La route est longue et dure, semée d’embûches, de chutes, de traversées du désert…

À travers mille épreuves, après avoir franchi les sept vallées du désir, de la recherche, de l’amour, de la connaissance, du détachement, de l’unité de l’extase, de l’extinction du moi, trente seulement arrivent au terme de leur pérégrination ; ils parviennent à la septième vallée dans un total dénuement : sans plumes, nus, le cœur brisé, brûlés de corps et d’âme, devenus comme du charbon en poussière.

C’est alors qu’ayant tout donné, toutes choses leur furent rendues. Ils furent admis à contempler la face du Roi. Et voici qu’il leur dévoila le secret de la pluralité et de l’unité des êtres : dans le reflet de leurs propres visages, ces trente oiseaux contemplèrent la face du Symorgh (signifie « 30 oiseaux » en persan), eux tous ne faisant qu’un, transfigurés par le renoncement à eux-mêmes et à toutes choses. Le Symorgh leur dit :
“Le Soleil de ma majesté est un miroir. Celui qui vient s’y voit tout entier… Quoique vous soyez profondément changés, vous vous voyez vous-mêmes tels que vous étiez déjà… Lorsque vous avez franchi les vallées du chemin redoutable, lorsque vous avez souffert et combattu pour vous dépouiller de vous-mêmes et atteindre la plénitude, vous n’avez agi que par mon action.
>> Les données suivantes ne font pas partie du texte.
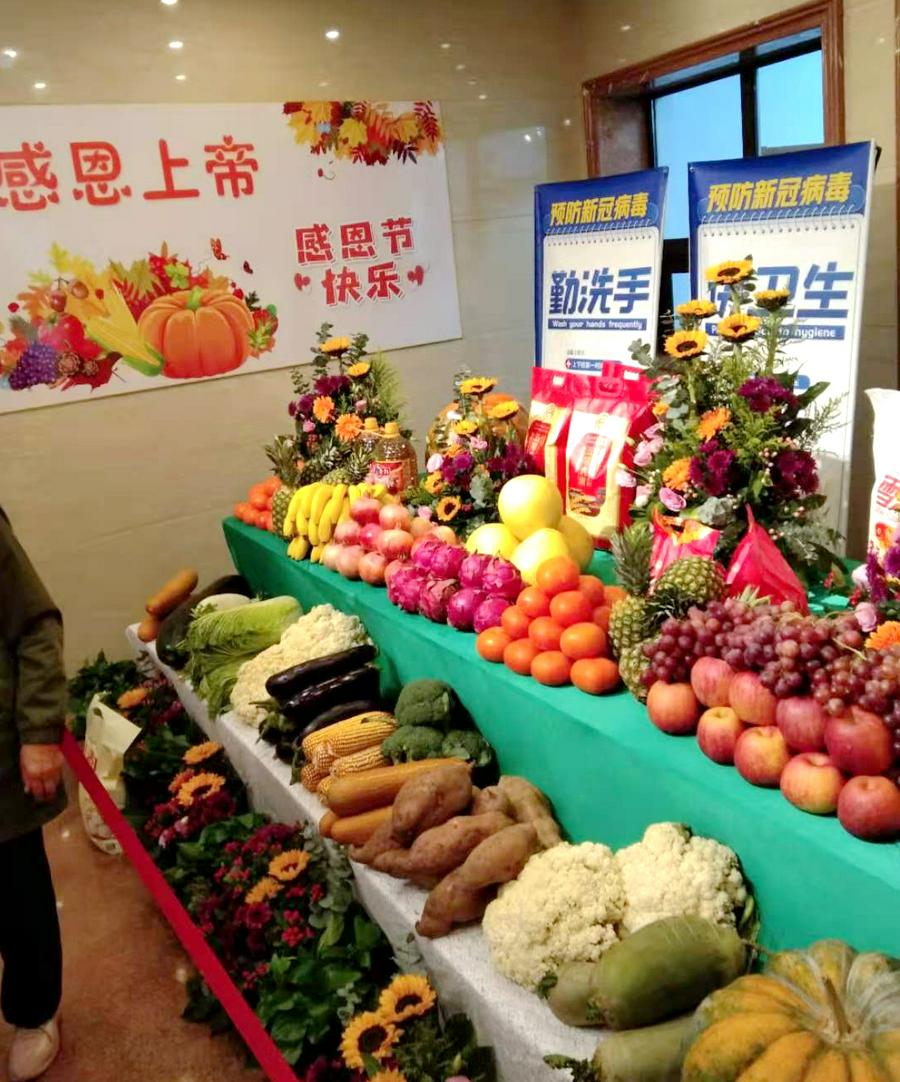 主日的泉水堂,充满着节日的喜乐,教会的教牧同工和服侍同工站在教堂的正门,欢迎弟兄姊妹并致以节日的问候。教堂从一楼到二楼坐满了前来参加感恩节的会众。教堂主堂的门厅醒目地摆放着象征丰收的各种果蔬、粮油,不少弟兄姊妹在此拍照留存记念。为了更好地赞美感恩,教堂各班组、团契为这一天早早就开始了节目的编排、彩排,有的提前两个多月就精心预备、精心组织。

Anéantissez-vous donc en moi glorieusement et délicieusement, afin que vous vous retrouviez vous-mêmes en moi…???

Les oiseaux s’anéantirent à la fin pour toujours dans le Symorgh : l’ombre se perdit dans le soleil, et voilà tout.

*Nietzsche
**Bashô
***Simorgh in Colloque des oiseaux
Farid al-Din Attar, né en Perse vers 1140, fut l’un des plus grands poètes soufi.